Anos depois, alguns dos preceitos desses métodos seriam utilizados na sistematização de treinamentos com pesos. A partir do quartel final do século XIX, figuras como Eugene Samdow, entre outros, começariam a preconizar treinamentos físicos através do levantamento de grandes pesos. Samdow, como outros da época, também estava empenhado em sistematizar o número de repetições ideais para cada exercício. Dessa maneira, Samdow se notabilizaria por apresentações de força e de exibições dos seus músculos. Em 1896, ele inaugurou um ginásio de exercícios em Londres, onde até o rei Jorge V foi aluno. Criou equipamentos de treino, escreveu um livro e lançou uma revista sobre o assunto, além de ter organizado, em 1901, a primeira competição (não mais apresentação) de exibição de músculos. Tudo isso faz de Eugene Samdow um nome geralmente reconhecido como fundador do fisiculturismo.

O primeiro torneio organizado por Eugene Samdow oferecia prêmio em dinheiro e uma estátua para o vencedor.

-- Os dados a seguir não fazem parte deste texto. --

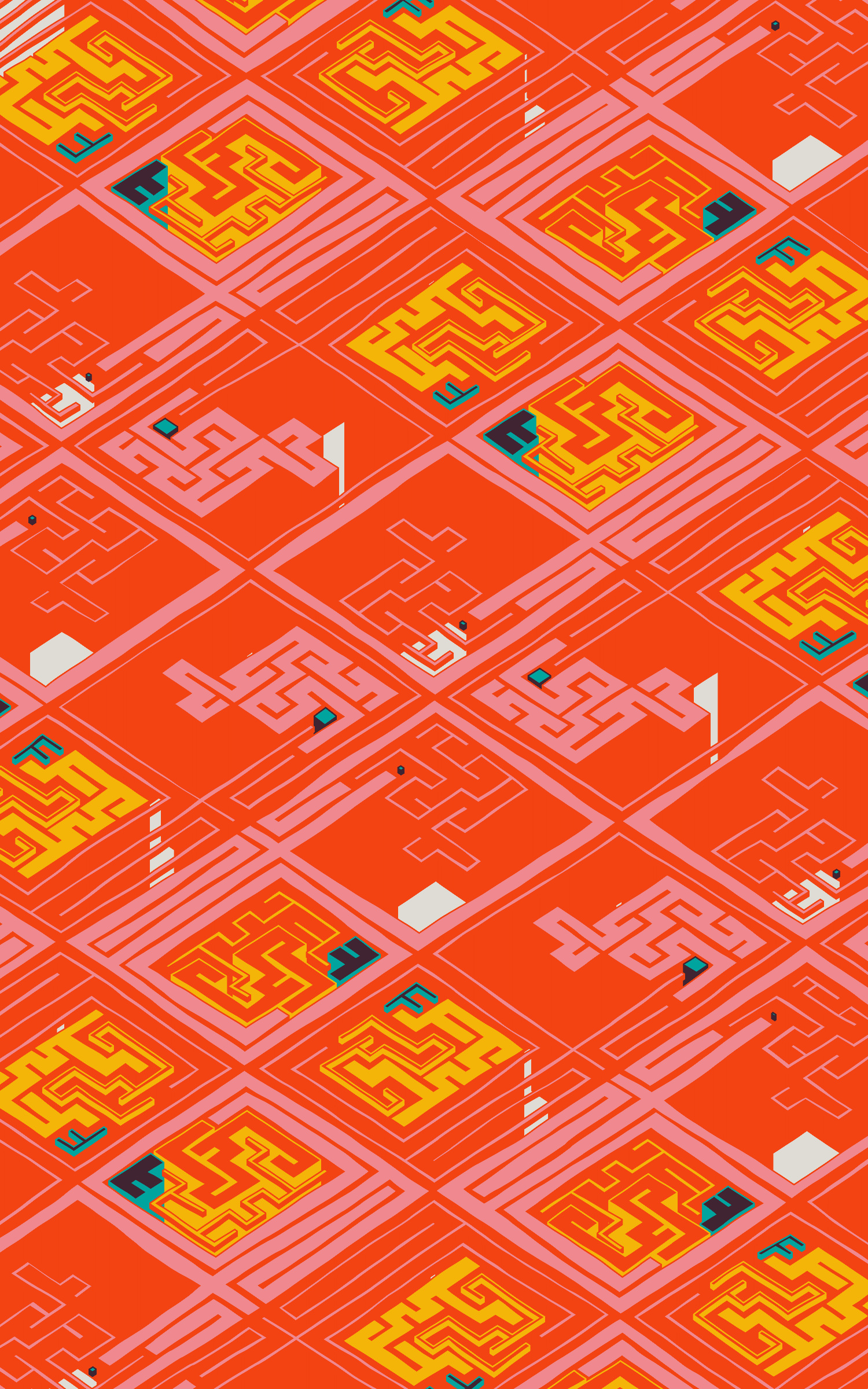 This project explores the visual expression of various planar symmetries by using colourful, maze-like structures. The precision of these mathematical patterns are offset by a playful use of dimensionality and an imperfect grid as basis for the linework.

No Brasil, de acordo com o Dicionário do nosso blogueiro Victor Melo, desde 1850 registravam-se aulas de ginástica oferecidas em salas como as de Bernardo Bidegorry, na Travessa do Paço, no Rio de Janeiro, cujo objetivo era o tratamento de fraquezas e deformidades. Na primeira década do século XX, lojas como a Casa Edison, também no Rio, comercializavam “aparelhos de força usados na Europa e nos Estados Unidos, inclusive Sandows” (MELO, Victor. Dicionário do esporte no Brasil: do século XIX ao início do século XX. Campinas, SP: Autores Associados, 2007, p. 78).

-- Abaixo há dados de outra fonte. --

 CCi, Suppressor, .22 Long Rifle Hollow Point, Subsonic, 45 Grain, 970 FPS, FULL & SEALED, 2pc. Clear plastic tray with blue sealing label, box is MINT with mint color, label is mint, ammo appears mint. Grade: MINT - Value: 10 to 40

Por volta das décadas de 1930 e 1940, nota-se a ampliação e consolidação de toda uma rede de instituições ligadas a esse tipo de cultura do corpo. Esse processo ia desde a multiplicação de revistas ou empresas de equipamentos e suplementação alimentar, até o aumento do número de competições de exibição muscular. Os irmãos canadenses Joe e Ben Weider foram os que provavelmente melhor exploraram comercialmente tudo isso. Fundaram uma Federação Internacional de Fisiculturismo (International Federation of Bodybuilders), seguida pela realização de um torneio que receberia o nome de Mr. Universo. É a época em que recursos para exercícios ao ar livre foram instalados na Califórnia, até uma hoje uma Meca para os aficionados em musculação, especialmente depois que um homem chamado Joe Gold, em 1965, inaugurou uma academia que logo se tornaria um templo para muitos fisiculturistas: a Gold Gym. Nesse mesmo ano de 1965, foi criado o torneio do Mr. Olympia, uma espécie de Copa do Mundo do fisiculturismo, marcando o início da chamada “era de ouro” do fisiculturismo.